So he'll climb upon the couch and he'll lie on me for a little bit.
And then he'll go and lie on Aiden.
So he's sort of like, I love you both.
We're like, we don't care.
We know.
It's nice.
You're already jaded.
Yeah, absolutely.
Yeah, we get it.
We get it.
You love us.
You adore us.
I get it.
Whatever.
Give me some space.
I never asked.
Did you name your dog after Reteeth Gousen?
Yes.
The South African golfer.
Absolutely.
Yes.
Thank you. Nobody ever gets that reference.
Oh my God.
That would be so...
Goose, that's an interesting name.
Yes, he's named after Reteeth Gooseon.
The South African golfer, that I'm sure you know who they are.
That came up.
That was reading a quiz, newspaper trivia quiz the other day, and that was a question.
Which golfer was known as the goose?
There you go.
That makes sense.
I'm like, Goosen.
I couldn't quite remember.
What a name.
Reteeth Goosen.
Incredible.
Thank you.
much, Claire. This one comes from Drew Foresberg, whose title is DeAngelo's Untitled. Does
everyone get that reference? That feels like it's... What is it again, say again? DeAngelo's Untitled.

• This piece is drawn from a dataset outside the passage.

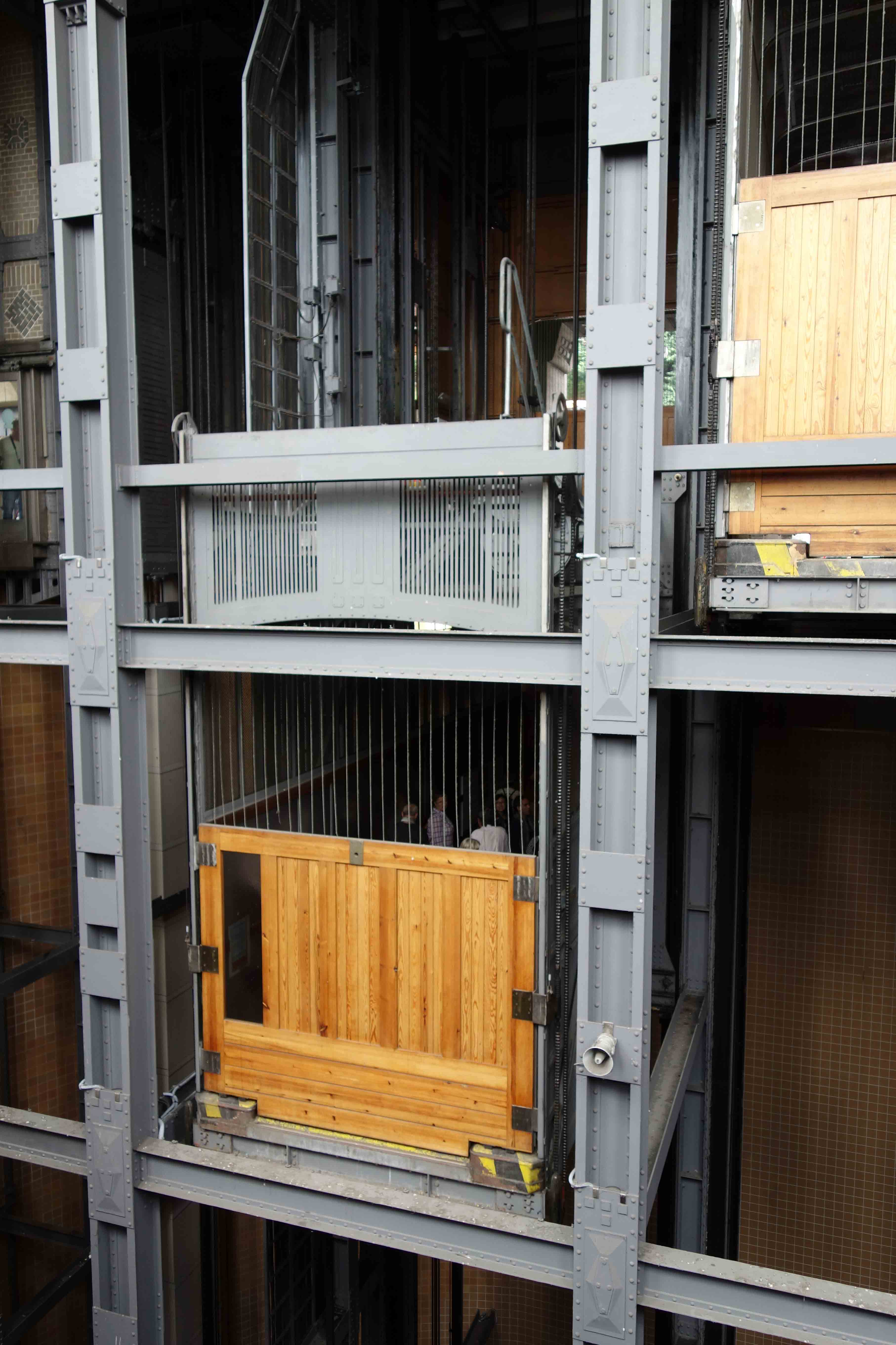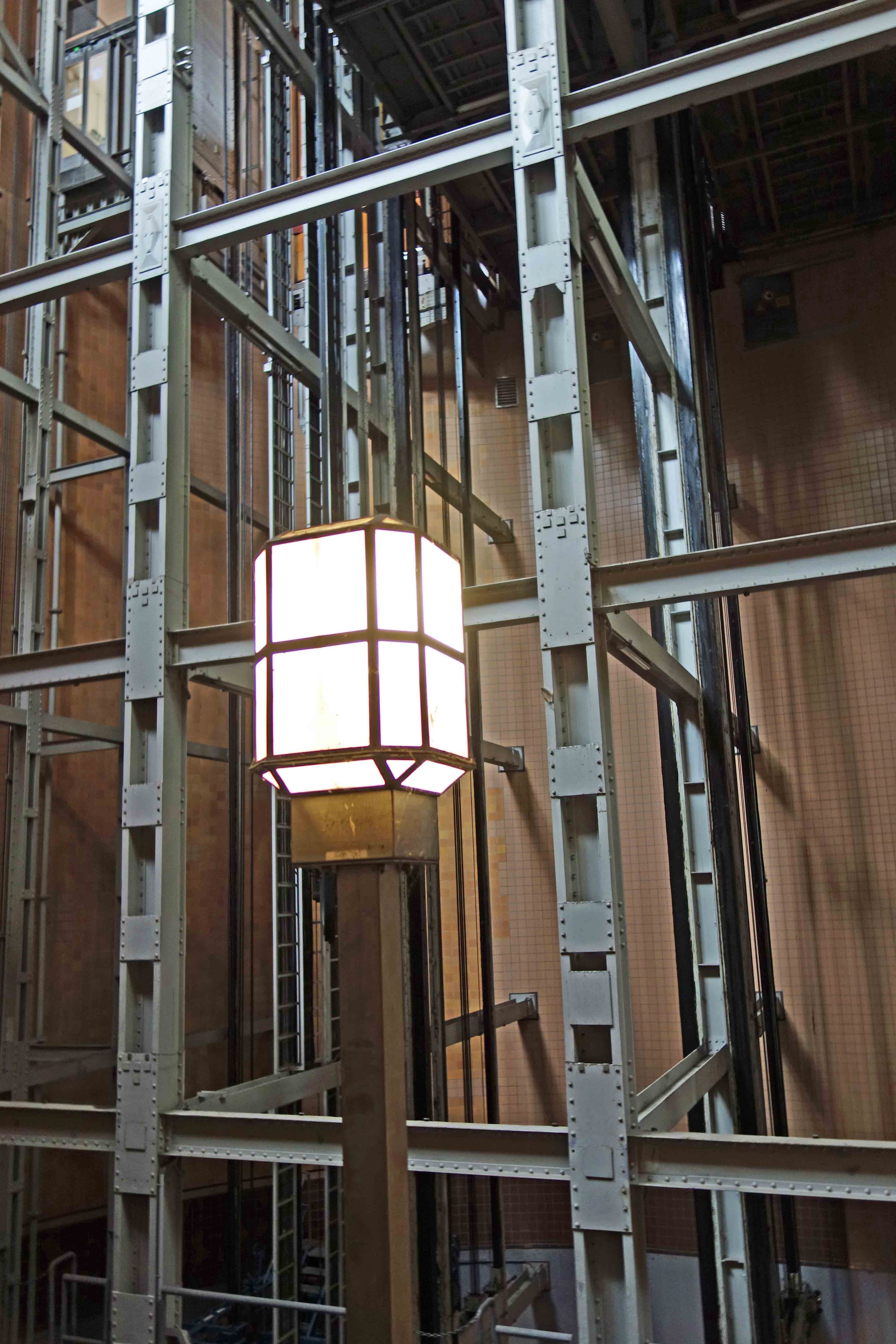 Technik kann so schön und mit viel Liebe zum Detail sein: Laterne vor den Aufzügen im Alten Elbtunnel

Is that the name of a famous artwork or something? Dave, what does it mean? What does it mean?
Oh, I'm clearly there's a song by DeAngelo called Untitled. In brackets, how does it feel?
Okay.
From 2000.
Oh, it's a play on give yourself a title, I guess.
Oh, okay, gotcha.
Genre, contemporary soul.
Oh, there'd be sacks involved there, potentially.
Yeah, potentially.
Opening line.
Smooth sacks.
Girl, it's only you, have it your way.
And if you want, you can decide, and if you'll have me, I can provide everything that you desire.
It's quite nice.
No, it's quite nice.
Drew's giving us a quote.
And the quote is, fuck me side.
Sideways. Great quote.
And that's from Cleaver Green in Rake.
I haven't seen it a while, but I love that show.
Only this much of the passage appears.